A minimum of four samples were withdrawn for analysis of intracellular proteins at different time points of the reinitiated chemostat cultivations of the three FACS sorted populations (See Supplementary materials Table S1 for an overview of the different samples). The samples were stored at -80 °C before further processing. Intracellular proteins were quantified by label‐free quantification as previously described in Wright et al., (2020). For analysis of the samples, liquid chromatography was performed on a CapLC system (Thermo Fisher Scientific) coupled to an Exploris 480 mass spectrometer (Thermo Fisher Scientific). The peptides were separated with a flow rate of 1.2 µl/min on a 75‐µm × 15 cm 2 µm C18 easy spray column. A stepped gradient, going from 4% to 40% acetonitrile in water over 50 minutes was applied. Mass spectrometry (MS)‐level scans were performed with the following settings: Orbitrap resolution: 60,000; AGC Target: 1.0e6; maximum injection time: 50 ms; intensity threshold: 5.0e3; and dynamic exclusion: 25 s. Data‐dependent MS2 selection was performed in Top 12 mode with HCD collision energy set to 30 % (AGC target: 1.0e4; maximum injection time: 22 ms).

2.5 Data processing of proteome data

For analysis of the thermos rawfiles, Proteome Discover 2.3 (Thermo Fisher Scientific) was applied. The following settings were used for the analysis: Fixed modifications: Carbamidomethyl (C) and Variable modifications: oxidation of methionine residues. First search mass tolerance of 20 ppm and an MS/MS tolerance of 20 ppm. Trypsin was selected as an enzyme and allowing one missed cleavage. False discovery rate was set at 0.1%. The data was searched against the S. cerevisiae  database retrieved from Uniprot with proteome ID AUP000002311 and the sequence of the heterologous insulin. The data sets can be found at data.dtu.dk (https: //doi.org/10.11583/DTU.13536179).
Batch variations between different proteome datasets were reduced by scaling each protein such that the mean log2(abundance) was the same between data sets.

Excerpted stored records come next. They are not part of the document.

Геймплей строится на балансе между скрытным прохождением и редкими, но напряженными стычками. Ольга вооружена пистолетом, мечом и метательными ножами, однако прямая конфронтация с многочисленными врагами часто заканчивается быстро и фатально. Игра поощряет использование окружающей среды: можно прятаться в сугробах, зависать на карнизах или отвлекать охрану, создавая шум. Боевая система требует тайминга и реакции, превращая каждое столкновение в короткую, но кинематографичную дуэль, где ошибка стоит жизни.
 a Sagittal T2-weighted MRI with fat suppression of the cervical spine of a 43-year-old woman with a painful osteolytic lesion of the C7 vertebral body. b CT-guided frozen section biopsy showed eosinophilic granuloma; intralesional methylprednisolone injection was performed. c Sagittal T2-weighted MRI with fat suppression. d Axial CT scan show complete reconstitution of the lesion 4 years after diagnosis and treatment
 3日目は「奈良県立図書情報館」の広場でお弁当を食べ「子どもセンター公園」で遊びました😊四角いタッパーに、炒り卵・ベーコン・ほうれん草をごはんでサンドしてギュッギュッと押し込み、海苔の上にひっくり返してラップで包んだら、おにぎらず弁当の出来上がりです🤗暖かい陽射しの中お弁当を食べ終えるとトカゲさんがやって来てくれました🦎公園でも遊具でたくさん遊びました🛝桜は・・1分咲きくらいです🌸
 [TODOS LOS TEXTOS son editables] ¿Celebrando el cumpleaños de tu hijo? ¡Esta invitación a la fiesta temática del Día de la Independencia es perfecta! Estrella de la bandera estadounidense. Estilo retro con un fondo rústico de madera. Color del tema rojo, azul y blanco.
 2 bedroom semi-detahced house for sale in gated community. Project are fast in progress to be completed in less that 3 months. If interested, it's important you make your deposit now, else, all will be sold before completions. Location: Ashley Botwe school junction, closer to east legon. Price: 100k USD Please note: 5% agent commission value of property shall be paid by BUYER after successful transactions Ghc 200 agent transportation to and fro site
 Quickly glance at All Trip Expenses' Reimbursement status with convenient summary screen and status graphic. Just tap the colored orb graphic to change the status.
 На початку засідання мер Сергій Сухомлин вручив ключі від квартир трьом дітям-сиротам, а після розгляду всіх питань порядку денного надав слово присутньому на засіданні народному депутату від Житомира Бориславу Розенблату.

A differential expression analysis was performed between Population 1, Population 2 and Population 3 for samples taken in the beginning of the cultures (≤ 48 hours of chemostat growth) and again in the end of the cultures (after 254 hours of chemostat growth). Only proteins which were measured in all samples between the compared populations were included in the analysis meaning that 2635 proteins were compared between Population 1 andPopulation 3 , 2811 proteins were compared betweenPopulation 1 and Population 2 and 2679 proteins were compared between Population 2 and Population 3 . The analysis was performed using the EdgeR package (Robinson, McCarthy, & Smyth, 2010) in R version 3.6.1. The proteome from the beginning of chemostat cultures with the three populations were furthermore compared to a previously published proteome of the initial cell clone(Wright et al., 2020). For an overview of the samples used for the comparison, see Supplementary materials Table S2. 2716 proteins betweenPopulation 1 and the initial cell clone were compared, 2770 proteins between Population 2 and the initial cell clone were compared and 2692 proteins were included in the comparison of Population 3 and the initial cell clone .
For each comparison between two strains , proteins were grouped in clusters depending on whether the level of the proteins were higher (log2 fold-change > 0.5, q-value < 0.05) or lower (log2 fold-change < 0.5, q-value < 0.05) in strain A compared to strain B. Gene ontology (GO) process terms were obtained from geneontology.org/annotations/sgd.gaf.gz on 16 November, 2020. A one‐sided Fisher’s exact test was used to investigate whether the protein clusters, were enriched with proteins annotated with certain GO process terms (q-value <0.05). The test was performed using the R package bc3net  package (de Matos Simoes, Tripathi, & Emmert-Streib, 2012).

2.6 Microscopy

The morphology of FACS sorted populations were visually inspected using a LMI-005-Leica Microscope and a Confocal Microscope-SP8.

2.7 Determination of maximum growth rate in batch cultures

Maximum growth rates were determined based on OD600measurements from exponentially growing cells in 100 ml shake flasks with minimal medium and 3 % v/v glucose (Seresht et al., 2013). Three biological replicates were performed for each strain.